Higuchi’s Fractal Dimension [1] [2] estimates the complexity of a time series by measuring the mean length of the curve at different time scales $k$. It is highly robust for non-stationary signals.
- Parameters:
x (ndarray) – The input signal.
k_max (int, optional) – Maximum time interval (delay) used for calculating curve lengths.
eps (float, optional) – A small constant to avoid log of zero during regression.
- Returns:
The Higuchi’s Fractal Dimension values. Shape is
x.shape[:-1].- Return type:
ndarray
Notes
Optimized with Numba.
For a theoretical overview of Higuchi’s Fractal Dimension, see the Wikipedia entry.
References
[1]Higuchi, T., 1988. Approach to an irregular time series on the basis of the fractal theory. Physica D: Nonlinear Phenomena, 31(2), pp.277-283.
[2]Esteller, R., Vachtsevanos, G., Echauz, J. and Litt, B., 2001. A comparison of waveform fractal dimension algorithms. IEEE Transactions on Circuits and Systems I: Fundamental Theory and Applications, 48(2), pp.177-183.
- eegdash.features.feature_bank.dimensionality.dimensionality_petrosian_fractal_dim(x, /)[source]
Calculate Petrosian Fractal Dimension (PFD).
Petrosian Fractal Dimension [1] [2] provides a fast estimate of fractal dimension by analyzing the number of sign changes in the signal’s first derivative.
- Parameters:
x (ndarray) – The input signal.
- Returns:
The Petrosian Fractal Dimension values. Shape is
x.shape[:-1].- Return type:
ndarray
References
[1]Petrosian, A., 1995. Kolmogorov complexity of finite sequences and recognition of different preictal EEG patterns. In Proceedings of the 1995 IEEE International Symposium on Circuits and Systems (Vol. 2, pp. 86-89).

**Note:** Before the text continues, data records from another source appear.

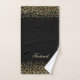 Um conjunto de toalhas de banho preto e de leopardo dourado. O conjunto inclui toalha de banho, toalha de mão e pano de lavagem. Podem ser comprados juntos ou separadamente. Personalize com seu nome ou Iniciais.
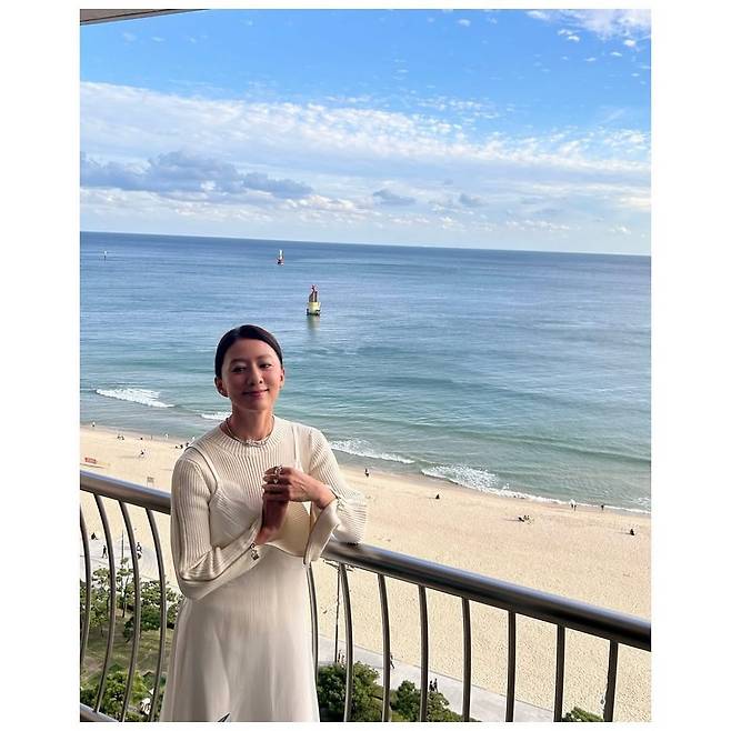 수평선 너머로 부서지는 빛, 잔잔한 파도 소리 사이로 김희애가 선다.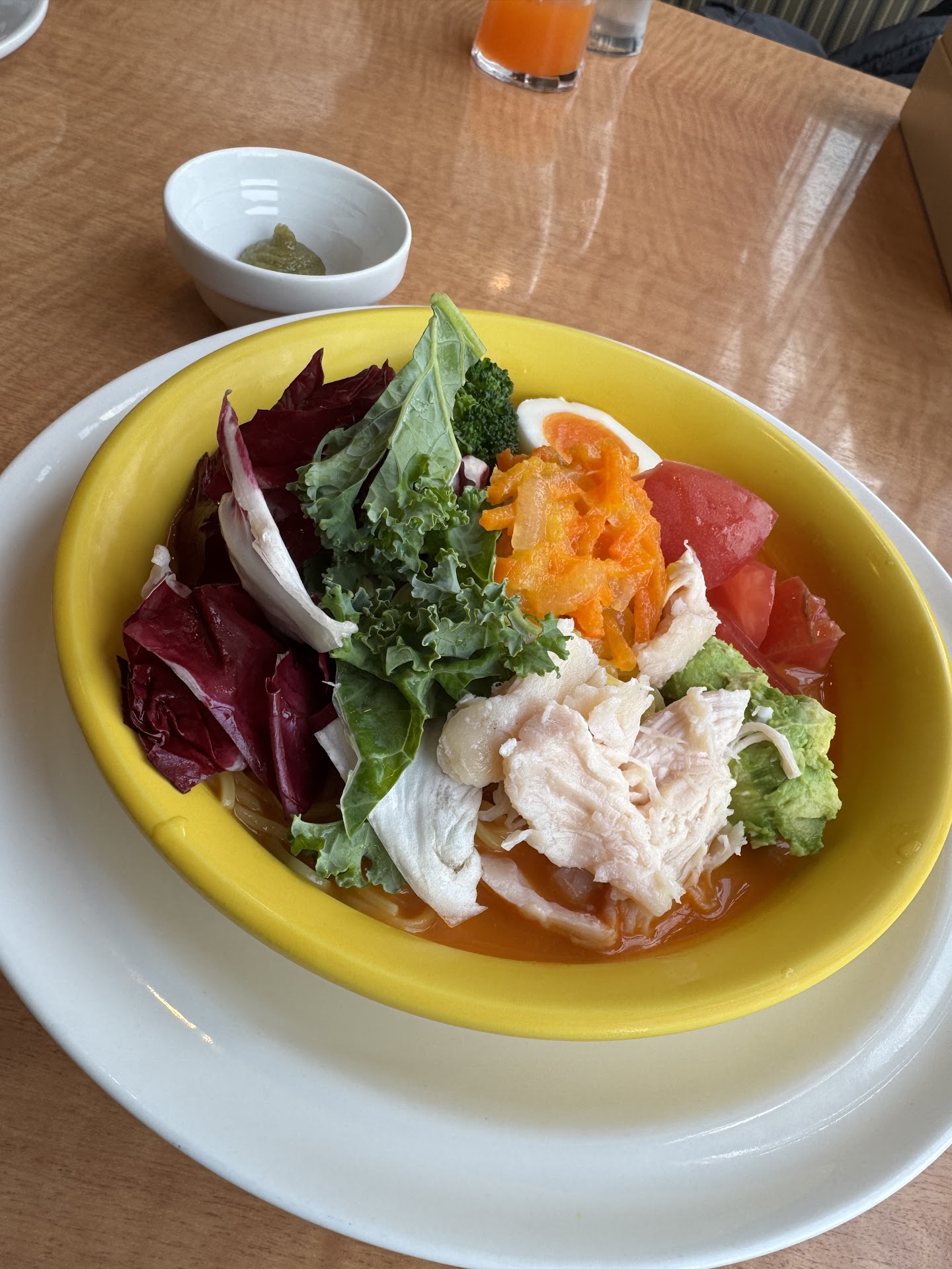 Read more久々に行きました。店側の省オペレーションは、以前より更に進んでいるようで、配膳ロボット2台が、所狭しと動いてました。 で、注文なんてすが、「お好み和膳」の「焼き九条ネギのもろみチキン」に白米をミニしらす丼、味噌汁を豚汁に変更しました。 妻は「大人のお子様ランチプレート」に「ミニねぎとろ丼」を追加。息子は「ビターソースビーフハンバーグ」に「チーズソーストッピング、フランスパン・ドリンクバーセット」。その他、山盛りポテトフライ、ほうれん草ベーコン、から好しのももから3個など。まぁ結果的には、チョットお高めになってしまいましたね。郊外なのに、都市部価格なのが納得行かないけど… 味は、まぁ概ね美味しいレベルではありましたね。以前よりは、良くなっているかと思います。特に「もろみチキン」は香ばしさも感じられ、思った以上に美味しかったです。 後、支払いのセルフ化...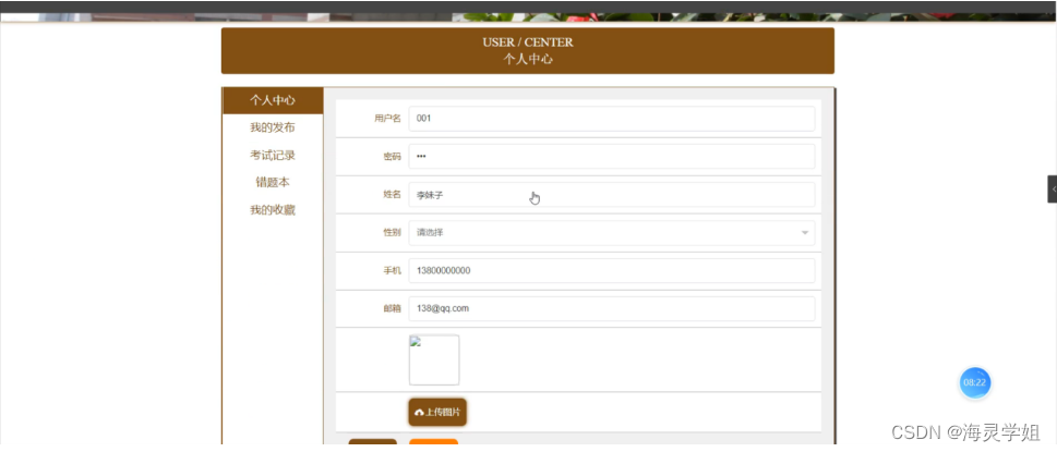 个人中心,在个人中心页面通过填写用户名、密码、姓名、性别、手机、邮箱等信息进行更新信息,并可对我的发布、考试记录、错题本、我的收藏进行相对应操作,如图5-6所示。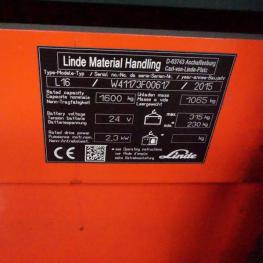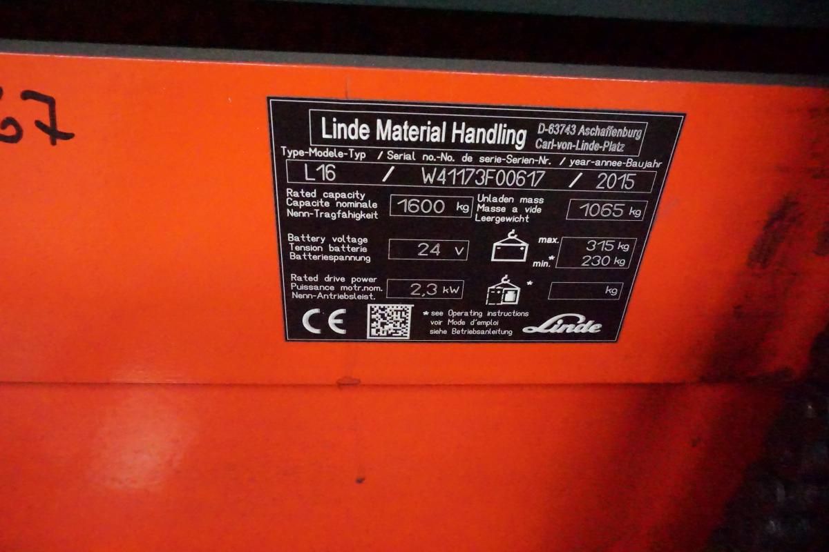 Fabrikat: LINDE, Typ: L16, Baujahr: 2015, Ser.-Nr. 00617, Tragfähigkeit 1.600 kg, 24 V,

IEEE.
[2]Esteller, R., Vachtsevanos, G., Echauz, J. and Litt, B., 2001. A comparison of waveform fractal dimension algorithms. IEEE Transactions on Circuits and Systems I: Fundamental Theory and Applications, 48(2), pp.177-183.
- eegdash.features.feature_bank.dimensionality.dimensionality_katz_fractal_dim(x, /)[source]
Calculate Katz Fractal Dimension (KFD).
Katz Fractal Dimension [1] [2] is calculated as the ratio between the total path length and the maximum planar distance from the first point to any other point.
- Parameters:
x (ndarray) – The input signal.
- Returns:
The Katz Fractal Dimension values. Shape is
x.shape[:-1].- Return type:
ndarray
References
[1]Katz, M. J. (1988). Fractals and the analysis of waveforms. Computers in Biology and Medicine, 18(3), 145-156.
[2]Esteller, R., Vachtsevanos, G., Echauz, J. and Litt, B., 2001. A comparison of waveform fractal dimension algorithms. IEEE Transactions on Circuits and Systems I: Fundamental Theory and Applications, 48(2), pp.177-183.
- eegdash.features.feature_bank.dimensionality.dimensionality_hurst_exp(x, /)[source]
Estimate the Hurst Exponent.
The Hurst exponent quantifies the long-term memory and predictability of a time series. It indicates whether a process is purely random, tends to trend in the same direction (persistent), or tends to reverse its direction (anti-persistent).
- Parameters:
x (ndarray) – The input signal.
- Returns:
The estimated Hurst Exponents. Shape is
x.shape[:-1].- Return type:
ndarray
Notes
This function calculate the Gamma Function Ratios and Bias Correction Factors to apply the Anis-Lloyd correction for small sample sizes.
For more details on the Hurst Exponent and R/S analysis, visit the Wikipedia entry.
- eegdash.features.feature_bank.dimensionality.dimensionality_detrended_fluctuation_analysis(x, /)[source]
Calculate the Scaling Exponent via DFA.
Detrended Fluctuation Analysis (DFA) is a method used to detect long-range temporal correlations (LRTC) in non-stationary signals. It is a more robust way to estimate the Hurst exponent when the data is noisy or has shifting trends.
- Parameters:
x (ndarray) – The input signal.
- Returns:
The DFA scaling exponents ($alpha$). Shape is
x.shape[:-1].- Return type:
ndarray
Notes
Optimized with Numba.
For a theoretical overview of Detrended Fluctuation Analysis, see the Wikipedia entry.